▸ **ASSIGNMENT**: Below this line are records; transcribe exactly the lines between the one holding "为五年级学生授课的是泰安师范" and the one holding "休闲居家中腰直筒纯棉7A抗菌通勤休闲长裤 女纯色修身 新款 2025夏季", inclusive, and omit the pictures.

▸ **GIVEN DATA**:
______
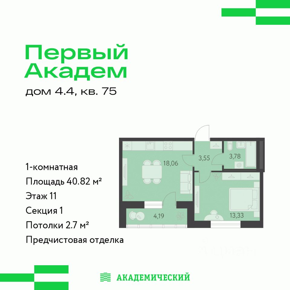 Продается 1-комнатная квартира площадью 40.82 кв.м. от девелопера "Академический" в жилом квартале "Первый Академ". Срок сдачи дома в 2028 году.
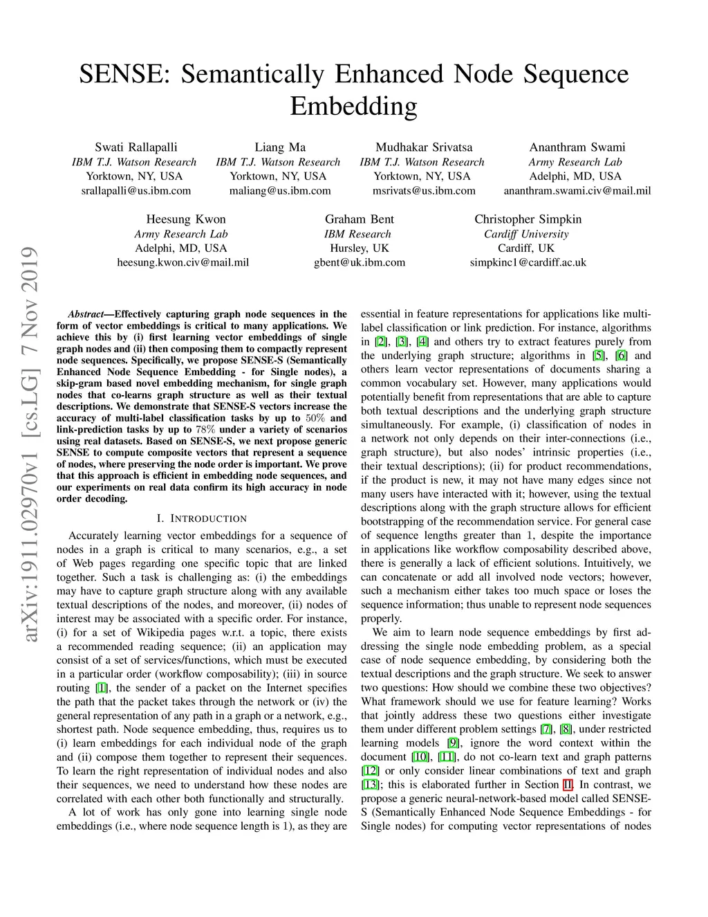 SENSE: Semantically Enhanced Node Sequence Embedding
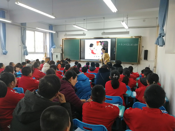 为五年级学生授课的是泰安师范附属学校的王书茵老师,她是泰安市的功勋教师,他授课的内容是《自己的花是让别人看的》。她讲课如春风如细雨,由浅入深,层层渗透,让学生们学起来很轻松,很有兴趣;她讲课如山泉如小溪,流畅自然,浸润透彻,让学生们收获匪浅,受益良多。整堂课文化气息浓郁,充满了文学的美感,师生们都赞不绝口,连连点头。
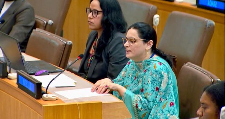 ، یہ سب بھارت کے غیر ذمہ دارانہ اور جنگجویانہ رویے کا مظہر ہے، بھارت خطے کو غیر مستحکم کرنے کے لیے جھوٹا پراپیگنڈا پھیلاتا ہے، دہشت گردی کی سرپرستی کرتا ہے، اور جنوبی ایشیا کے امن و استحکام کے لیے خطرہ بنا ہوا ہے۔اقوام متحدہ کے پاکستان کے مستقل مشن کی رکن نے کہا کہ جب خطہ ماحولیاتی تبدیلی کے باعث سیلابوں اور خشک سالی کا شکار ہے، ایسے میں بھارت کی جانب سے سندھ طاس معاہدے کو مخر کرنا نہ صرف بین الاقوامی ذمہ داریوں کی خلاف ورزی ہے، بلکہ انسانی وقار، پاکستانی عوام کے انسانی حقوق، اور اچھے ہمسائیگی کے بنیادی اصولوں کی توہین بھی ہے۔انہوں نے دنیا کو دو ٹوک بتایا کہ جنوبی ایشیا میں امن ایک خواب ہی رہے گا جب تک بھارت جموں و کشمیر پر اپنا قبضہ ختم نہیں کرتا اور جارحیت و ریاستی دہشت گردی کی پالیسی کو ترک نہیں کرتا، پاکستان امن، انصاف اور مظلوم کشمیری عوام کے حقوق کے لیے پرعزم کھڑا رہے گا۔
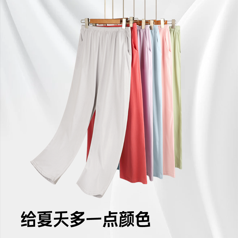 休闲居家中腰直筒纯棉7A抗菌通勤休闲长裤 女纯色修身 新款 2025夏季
______
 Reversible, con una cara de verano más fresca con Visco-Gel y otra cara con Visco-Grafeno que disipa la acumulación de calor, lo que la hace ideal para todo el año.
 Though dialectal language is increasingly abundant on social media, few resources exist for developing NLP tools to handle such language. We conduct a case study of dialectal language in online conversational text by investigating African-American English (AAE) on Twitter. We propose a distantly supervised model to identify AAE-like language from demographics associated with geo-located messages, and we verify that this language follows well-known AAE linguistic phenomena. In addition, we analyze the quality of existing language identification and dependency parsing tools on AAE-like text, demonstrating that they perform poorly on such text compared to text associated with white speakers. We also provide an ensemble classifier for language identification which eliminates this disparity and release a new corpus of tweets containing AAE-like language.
______
▸ **RESULT BELOW**:
 为五年级学生授课的是泰安师范附属学校的王书茵老师,她是泰安市的功勋教师,他授课的内容是《自己的花是让别人看的》。她讲课如春风如细雨,由浅入深,层层渗透,让学生们学起来很轻松,很有兴趣;她讲课如山泉如小溪,流畅自然,浸润透彻,让学生们收获匪浅,受益良多。整堂课文化气息浓郁,充满了文学的美感,师生们都赞不绝口,连连点头。
 ، یہ سب بھارت کے غیر ذمہ دارانہ اور جنگجویانہ رویے کا مظہر ہے، بھارت خطے کو غیر مستحکم کرنے کے لیے جھوٹا پراپیگنڈا پھیلاتا ہے، دہشت گردی کی سرپرستی کرتا ہے، اور جنوبی ایشیا کے امن و استحکام کے لیے خطرہ بنا ہوا ہے۔اقوام متحدہ کے پاکستان کے مستقل مشن کی رکن نے کہا کہ جب خطہ ماحولیاتی تبدیلی کے باعث سیلابوں اور خشک سالی کا شکار ہے، ایسے میں بھارت کی جانب سے سندھ طاس معاہدے کو مخر کرنا نہ صرف بین الاقوامی ذمہ داریوں کی خلاف ورزی ہے، بلکہ انسانی وقار، پاکستانی عوام کے انسانی حقوق، اور اچھے ہمسائیگی کے بنیادی اصولوں کی توہین بھی ہے۔انہوں نے دنیا کو دو ٹوک بتایا کہ جنوبی ایشیا میں امن ایک خواب ہی رہے گا جب تک بھارت جموں و کشمیر پر اپنا قبضہ ختم نہیں کرتا اور جارحیت و ریاستی دہشت گردی کی پالیسی کو ترک نہیں کرتا، پاکستان امن، انصاف اور مظلوم کشمیری عوام کے حقوق کے لیے پرعزم کھڑا رہے گا۔
 休闲居家中腰直筒纯棉7A抗菌通勤休闲长裤 女纯色修身 新款 2025夏季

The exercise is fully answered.